● **Data block**
>>>

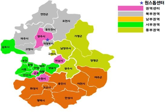 지역센터 15곳(용인, 평택, 화성, 안성, 광주, 구리, 남양주, 안산, 부천, 안양, 시흥, 김포, 고양, 파주, 의정부)도 기본적인 상담 서비스를 제공한다.
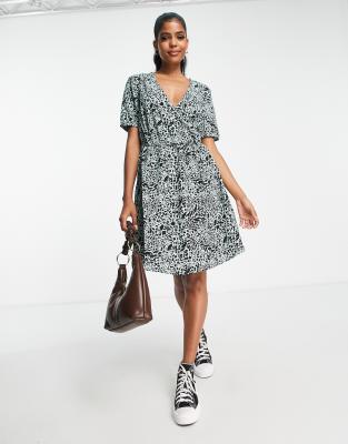 JDY Anetty wrap mini dress in black
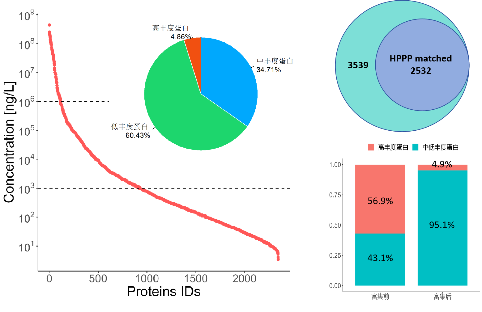 这些蛋白质与人类血浆蛋白质组计划(HPPP)数据库匹配的有2532个,新鉴定到3539个。与HPPP匹配的2532个蛋白的动态范围跨越9个数量级,中低丰度蛋白从富集前的176个提升富集后的2231个,提升了近13倍。
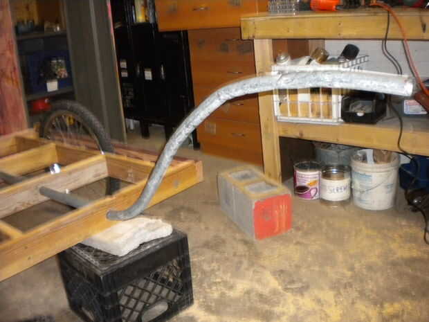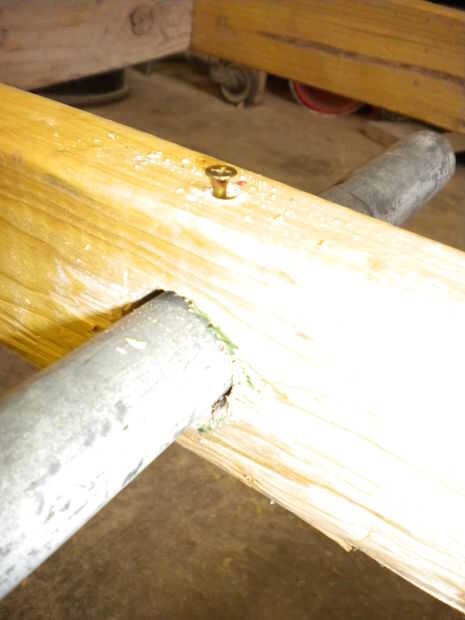 Paso 4: Utilizando un taladro de broca acero un pequeño agujero abajo por la parte superior de cada 2 x 4 y a través del conducto que cruza el conducto con el 2x4s. Se hunden un tornillo en cada orificio para sujetar el conducto al bastidor.

<<<

● **Your instructions**
Word for word, write out the full listing, leaving the pictures aside.

● **Response to this exercise**
 지역센터 15곳(용인, 평택, 화성, 안성, 광주, 구리, 남양주, 안산, 부천, 안양, 시흥, 김포, 고양, 파주, 의정부)도 기본적인 상담 서비스를 제공한다.
 JDY Anetty wrap mini dress in black
 这些蛋白质与人类血浆蛋白质组计划(HPPP)数据库匹配的有2532个,新鉴定到3539个。与HPPP匹配的2532个蛋白的动态范围跨越9个数量级,中低丰度蛋白从富集前的176个提升富集后的2231个,提升了近13倍。
 Paso 4: Utilizando un taladro de broca acero un pequeño agujero abajo por la parte superior de cada 2 x 4 y a través del conducto que cruza el conducto con el 2x4s. Se hunden un tornillo en cada orificio para sujetar el conducto al bastidor.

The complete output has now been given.